* Data provided

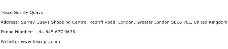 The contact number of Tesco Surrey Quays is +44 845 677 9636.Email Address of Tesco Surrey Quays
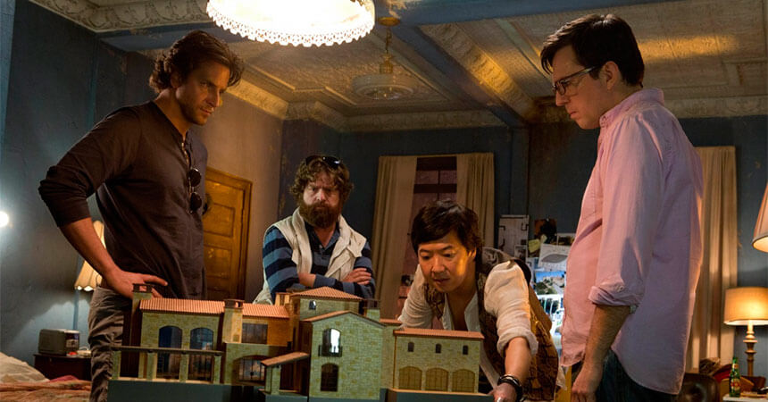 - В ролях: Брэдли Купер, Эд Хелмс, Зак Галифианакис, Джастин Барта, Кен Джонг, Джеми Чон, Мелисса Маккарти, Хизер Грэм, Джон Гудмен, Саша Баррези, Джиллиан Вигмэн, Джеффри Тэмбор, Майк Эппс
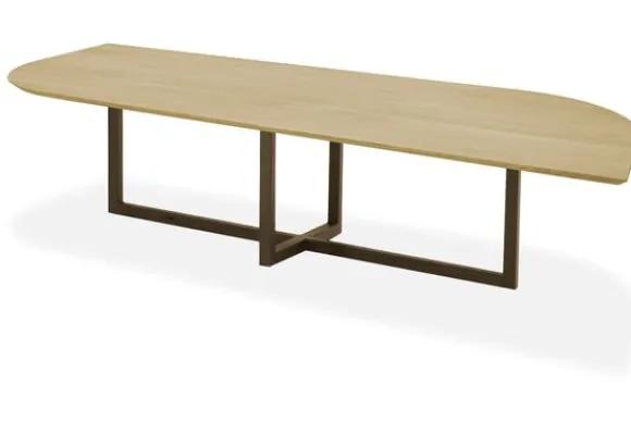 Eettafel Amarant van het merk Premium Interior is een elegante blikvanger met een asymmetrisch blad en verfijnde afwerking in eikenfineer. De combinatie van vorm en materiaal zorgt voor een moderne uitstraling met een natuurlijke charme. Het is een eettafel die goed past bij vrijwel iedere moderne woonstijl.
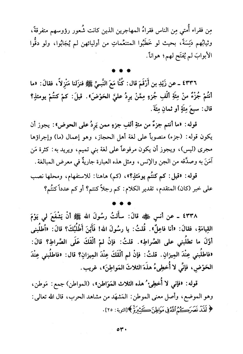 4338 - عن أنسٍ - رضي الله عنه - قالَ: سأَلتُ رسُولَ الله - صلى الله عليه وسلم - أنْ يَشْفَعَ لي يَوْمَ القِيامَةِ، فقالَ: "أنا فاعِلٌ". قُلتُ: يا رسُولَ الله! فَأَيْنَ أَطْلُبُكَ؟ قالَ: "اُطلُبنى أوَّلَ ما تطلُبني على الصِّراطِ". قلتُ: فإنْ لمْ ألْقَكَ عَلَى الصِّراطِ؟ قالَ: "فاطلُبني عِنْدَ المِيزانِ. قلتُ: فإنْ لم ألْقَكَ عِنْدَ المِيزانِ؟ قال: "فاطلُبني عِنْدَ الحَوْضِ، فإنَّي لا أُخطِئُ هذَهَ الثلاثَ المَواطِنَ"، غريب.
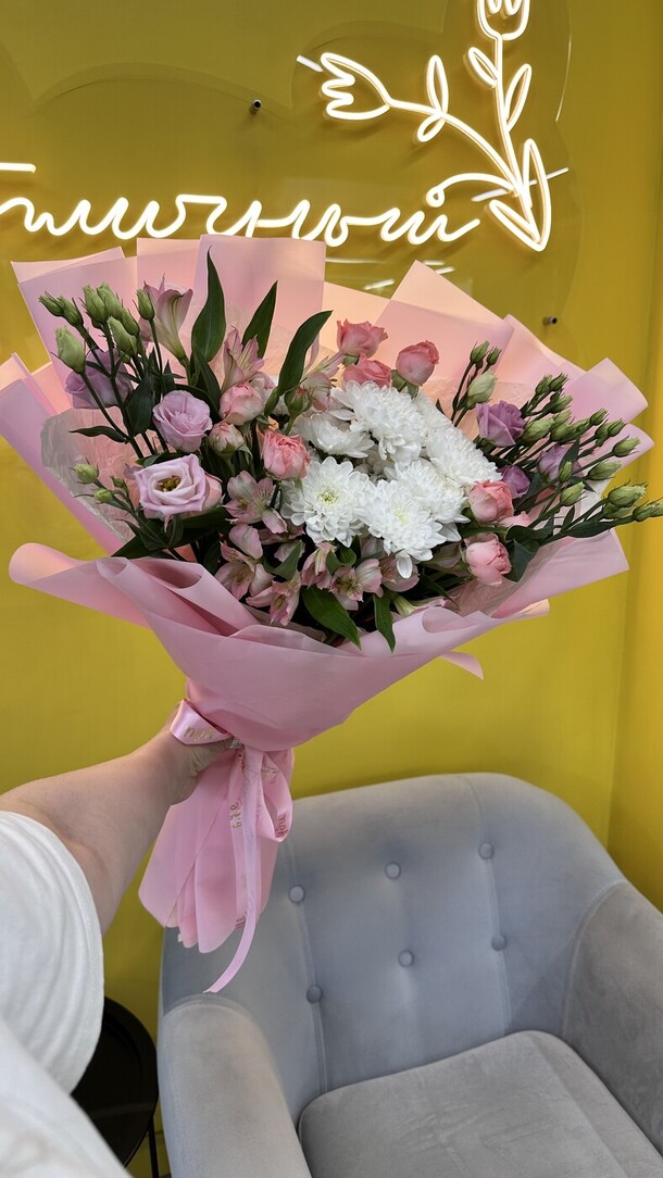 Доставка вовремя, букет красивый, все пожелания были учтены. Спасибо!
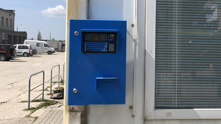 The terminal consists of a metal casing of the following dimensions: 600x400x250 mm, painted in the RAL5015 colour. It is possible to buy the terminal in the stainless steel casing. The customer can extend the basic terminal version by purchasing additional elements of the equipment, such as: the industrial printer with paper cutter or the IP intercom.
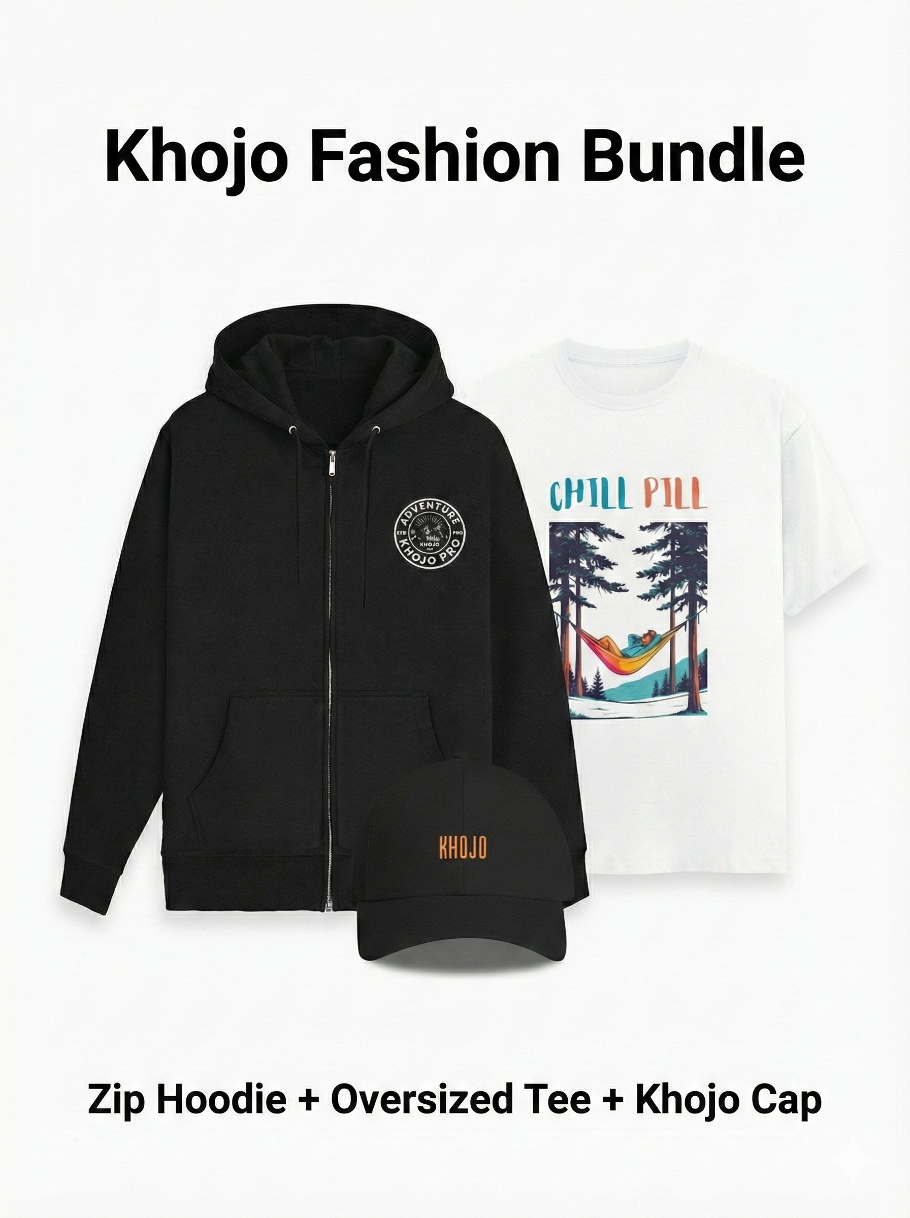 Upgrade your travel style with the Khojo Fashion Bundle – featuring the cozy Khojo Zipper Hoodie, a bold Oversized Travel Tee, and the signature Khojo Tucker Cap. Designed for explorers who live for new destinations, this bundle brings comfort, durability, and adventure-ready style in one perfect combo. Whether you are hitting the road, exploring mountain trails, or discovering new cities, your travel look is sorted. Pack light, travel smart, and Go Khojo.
==
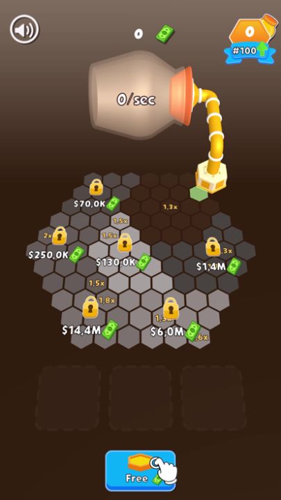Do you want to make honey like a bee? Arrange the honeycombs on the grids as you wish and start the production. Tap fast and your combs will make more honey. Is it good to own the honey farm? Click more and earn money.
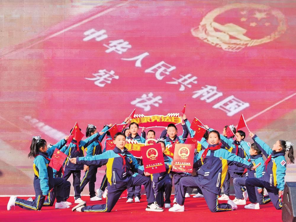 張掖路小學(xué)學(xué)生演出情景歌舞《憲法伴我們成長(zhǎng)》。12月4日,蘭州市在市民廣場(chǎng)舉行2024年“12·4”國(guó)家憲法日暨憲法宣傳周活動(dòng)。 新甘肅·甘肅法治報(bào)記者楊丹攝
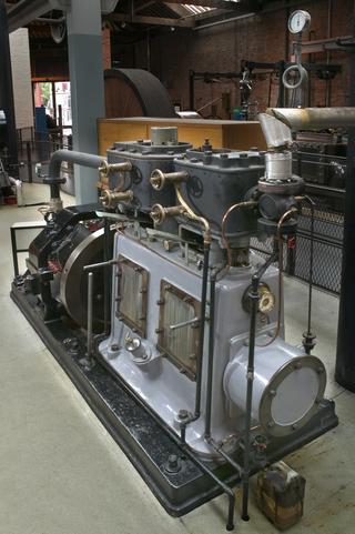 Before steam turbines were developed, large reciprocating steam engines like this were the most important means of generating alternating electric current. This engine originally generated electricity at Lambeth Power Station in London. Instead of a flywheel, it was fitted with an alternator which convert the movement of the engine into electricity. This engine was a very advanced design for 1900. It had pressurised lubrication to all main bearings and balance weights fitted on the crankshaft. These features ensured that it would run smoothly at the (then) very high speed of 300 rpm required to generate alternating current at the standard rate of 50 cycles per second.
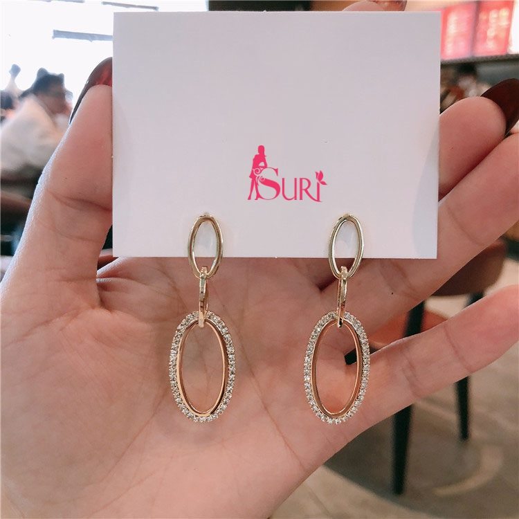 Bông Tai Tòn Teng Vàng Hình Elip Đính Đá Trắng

* Brief
Transcribe exactly the lines above, beginning at the one with "4338 - عن أنسٍ" and going up to and including the one with "Доставка вовремя, букет". Pictures do not belong in the copy.

* Your solution
 4338 - عن أنسٍ - رضي الله عنه - قالَ: سأَلتُ رسُولَ الله - صلى الله عليه وسلم - أنْ يَشْفَعَ لي يَوْمَ القِيامَةِ، فقالَ: "أنا فاعِلٌ". قُلتُ: يا رسُولَ الله! فَأَيْنَ أَطْلُبُكَ؟ قالَ: "اُطلُبنى أوَّلَ ما تطلُبني على الصِّراطِ". قلتُ: فإنْ لمْ ألْقَكَ عَلَى الصِّراطِ؟ قالَ: "فاطلُبني عِنْدَ المِيزانِ. قلتُ: فإنْ لم ألْقَكَ عِنْدَ المِيزانِ؟ قال: "فاطلُبني عِنْدَ الحَوْضِ، فإنَّي لا أُخطِئُ هذَهَ الثلاثَ المَواطِنَ"، غريب.
 Доставка вовремя, букет красивый, все пожелания были учтены. Спасибо!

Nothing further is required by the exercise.